一个玩家白着脸,颤抖着用勺子舀起一小块,经历过强烈的心理斗争,终于闭眼凑到嘴边,还没碰到就发出一声干呕。
“要了命了……”
当然也有两三个狼人面不改色地吃下去,速度很快,嚼都不嚼,清晰地诠释了什么叫,只要我吃得够快,恶心就追不上我。

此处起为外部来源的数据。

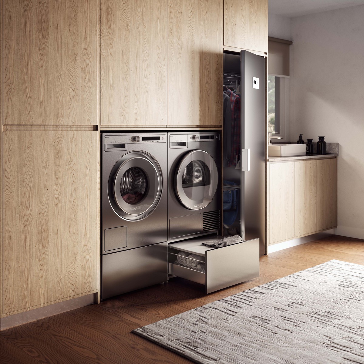 Przemyślana organizacja sprawia, że cały wsad trafia do estetycznego, zamkniętego urządzenia, nie zajmując nadmiaru przestrzeni. ASKO odpowiada na realne potrzeby domowników, oferując praktyczne akcesoria. Wentylowane szafy suszące wykorzystują ogrzane powietrze z zewnątrz, które przepływa przez szafę i wilgotne ubrania, po czym jest odprowadzane kanałem wywiewnym.

另一边正在排队打饭的玩家问打饭阿姨,“只有这个,没别的食物了吗?”
打饭阿姨并没有国内的恶习,握勺的手特别稳,抖都不抖一下,结结实实就是一大勺。
对此,玩家们表示:……还不如手抖呢。
打饭阿姨听到这话,被脂肪挤压到只剩一条缝的眼睛斜睨过来,严肃警告玩家,“不要挑食,吃这个才有营养。”

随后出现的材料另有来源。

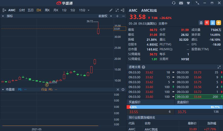 美股散户抱团大战空头机构的戏剧性一幕周四继续上演,本次对决的焦点股从游戏驿站变成了美国最大院线AMC。在散户合力买入的支持下,AMC院线周四大涨35.6%,本周累计涨幅已经接近120%,而做空AMC院线的投资机构,本周累计损失已达13亿美元。

玩家手上的托盘一重,他听见阿姨阴恻恻地说:“狗崽都喜欢吃。”
那名玩家顿时汗毛直立,不敢再说什么,端起盘子离开了,还没走远,耳边又飘来一句,“好好吃,多吃点,才能快快长大……”
他背后的汗瞬间下来了,猛地回头,只见阿姨继续给下一个玩家打饭,仿佛那句话只是他的错觉。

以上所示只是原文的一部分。